Problem: Taking the line with "62 Mix Decorative" as the first, copy every line through the end of the records below exactly. Do not include pictures.

(Extracted data entries)
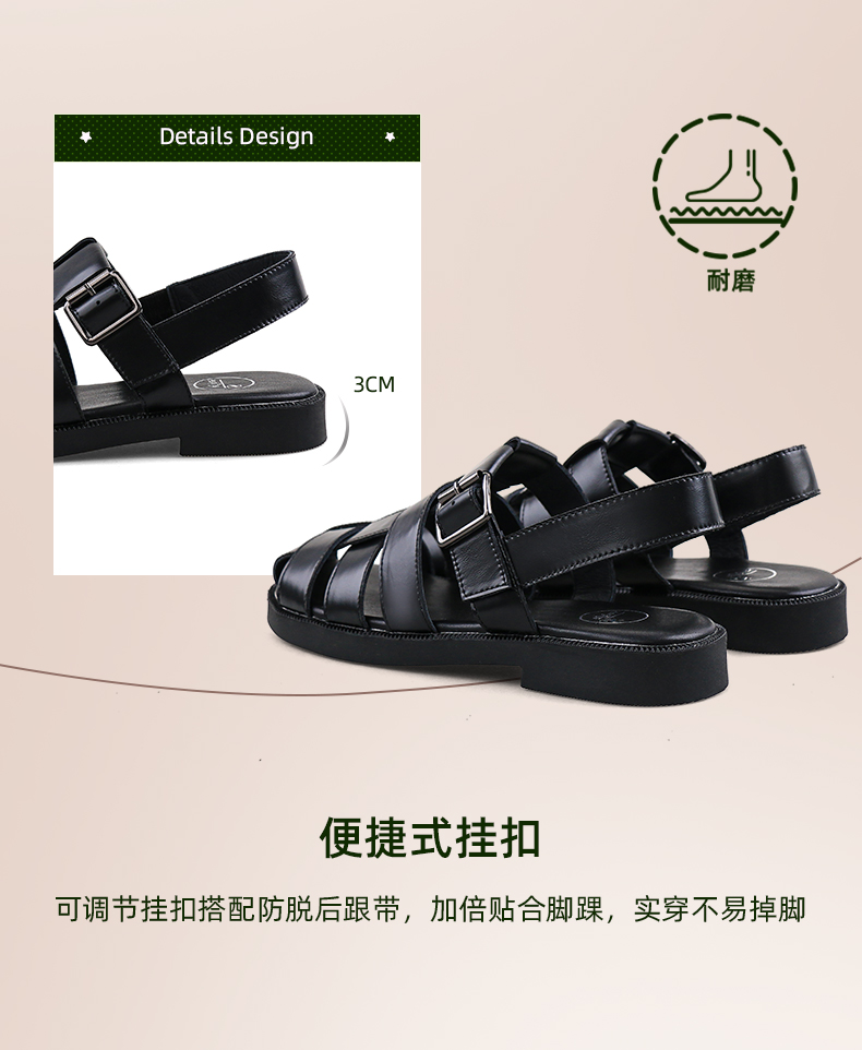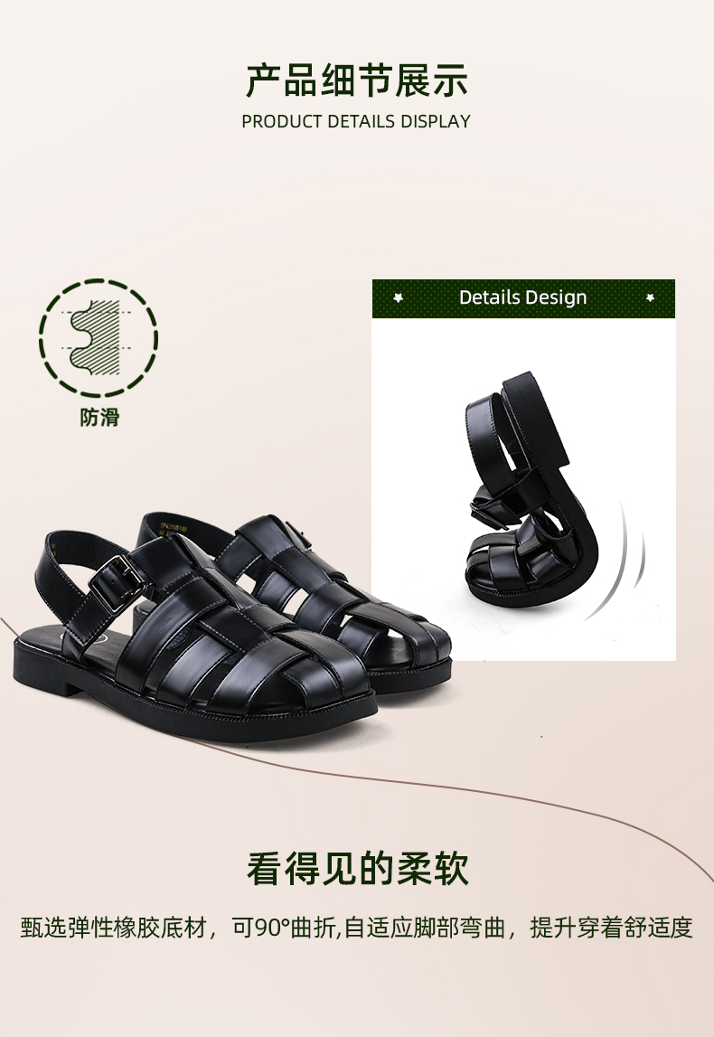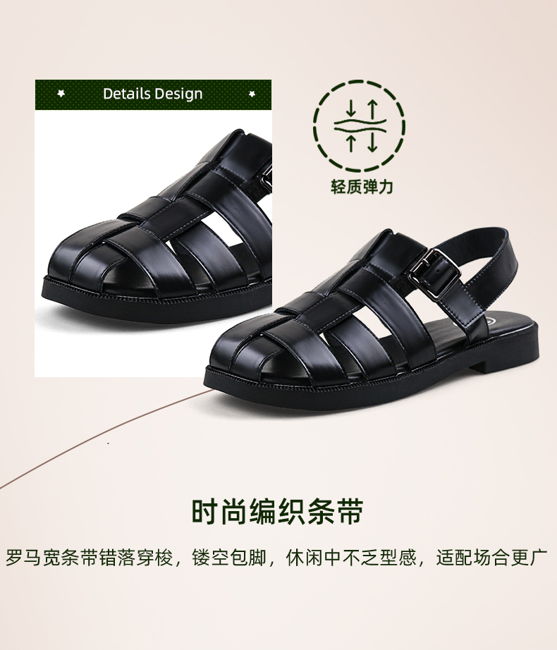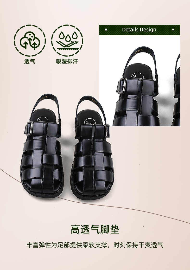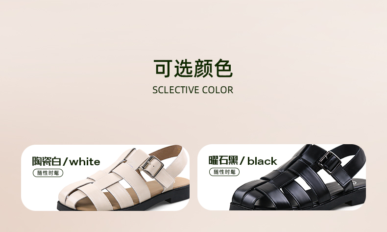 Safiya/索菲娅2024 夏季百搭镂空编织包头复古猪笼罗马鞋 SF42115109
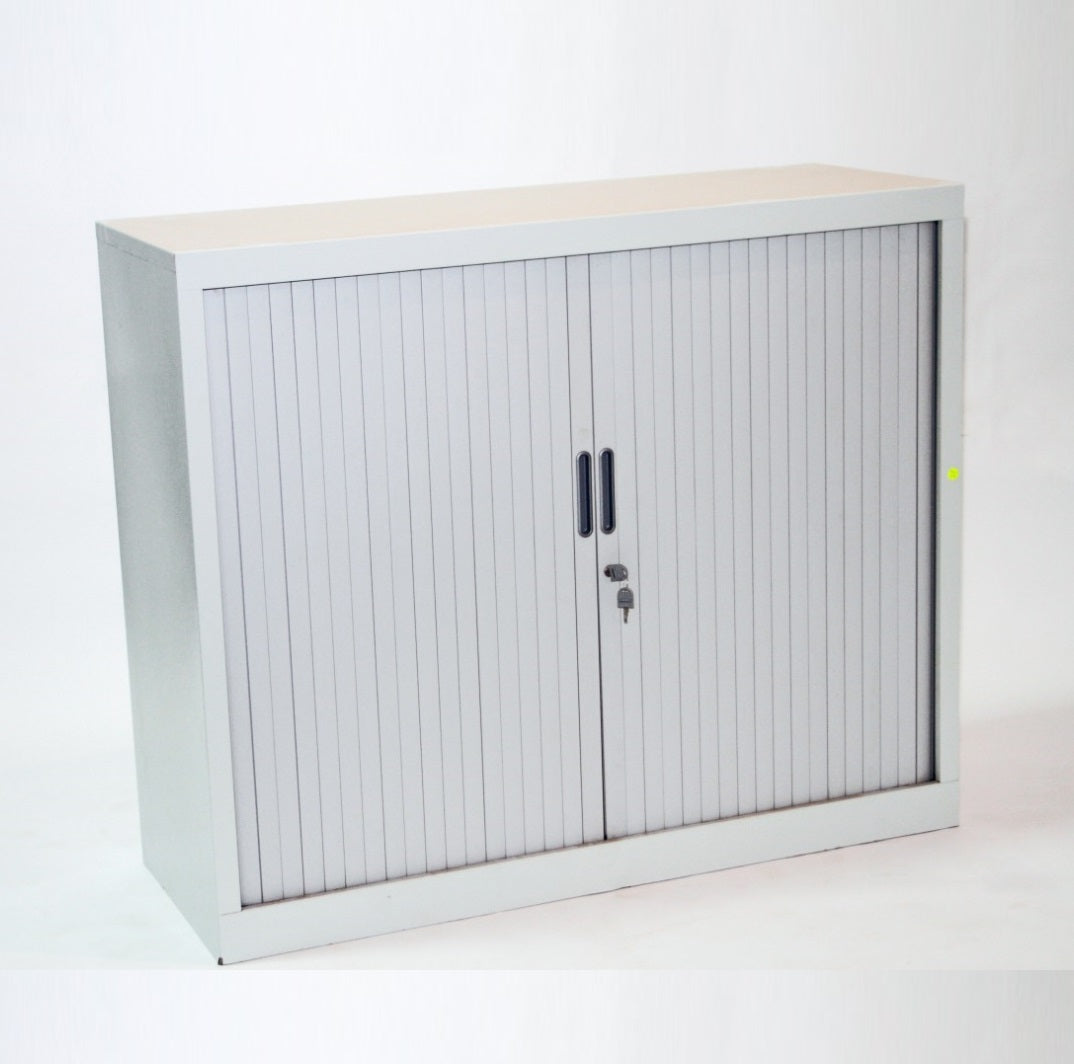 Armoire basse à rideaux : • Structure monobloc soudé en usine• Acier de 7/10ème recouvert d'une peinture époxy• Rideaux à lamelles PVC escamotables• Poignées et serrure...
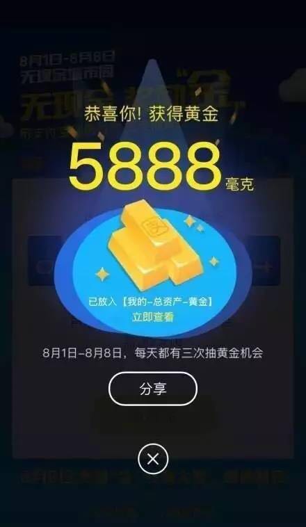 8.1-8.8,扫码支付满2元超过2笔,可以抽一次黄金,第3笔再抽一次,第4笔再抽一回。
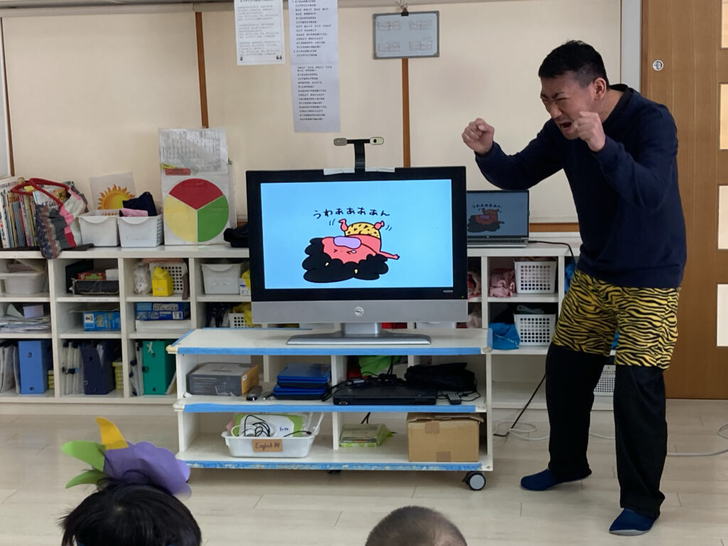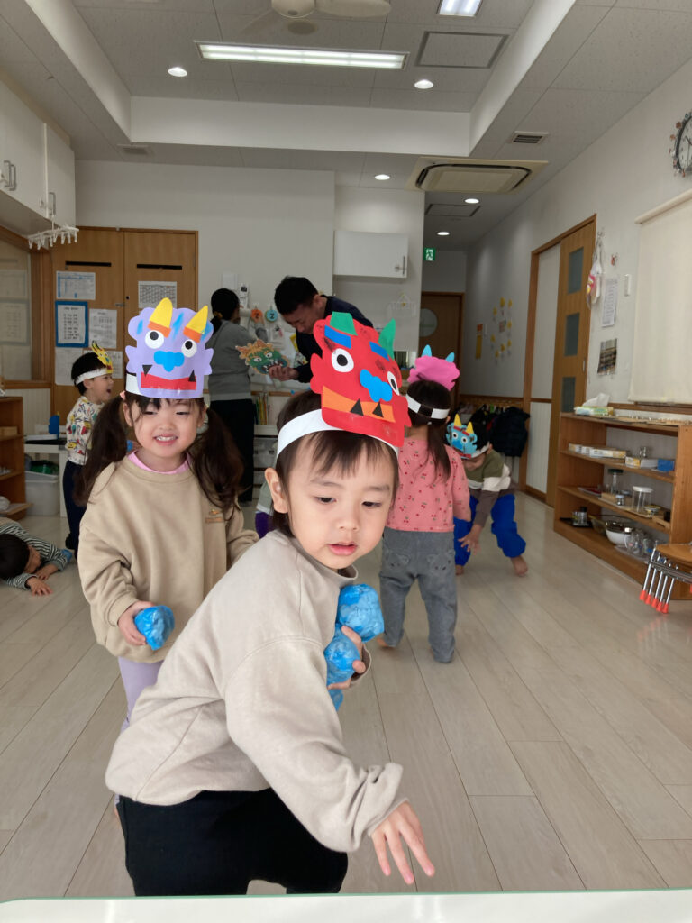 ここ数年、年長児が鬼役になって、各クラスを回っています。
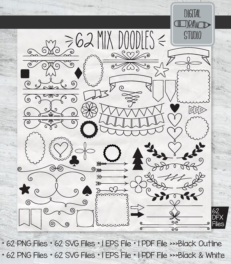 62 Mix Decorative Elements Clip Art Hand Drawn Frames Etsy
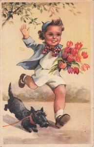 CP ILLUSTREE ENFANT BERET COURT AVEC FLEURS CHIEN - 99879

Reply to the task:
 62 Mix Decorative Elements Clip Art Hand Drawn Frames Etsy
 CP ILLUSTREE ENFANT BERET COURT AVEC FLEURS CHIEN - 99879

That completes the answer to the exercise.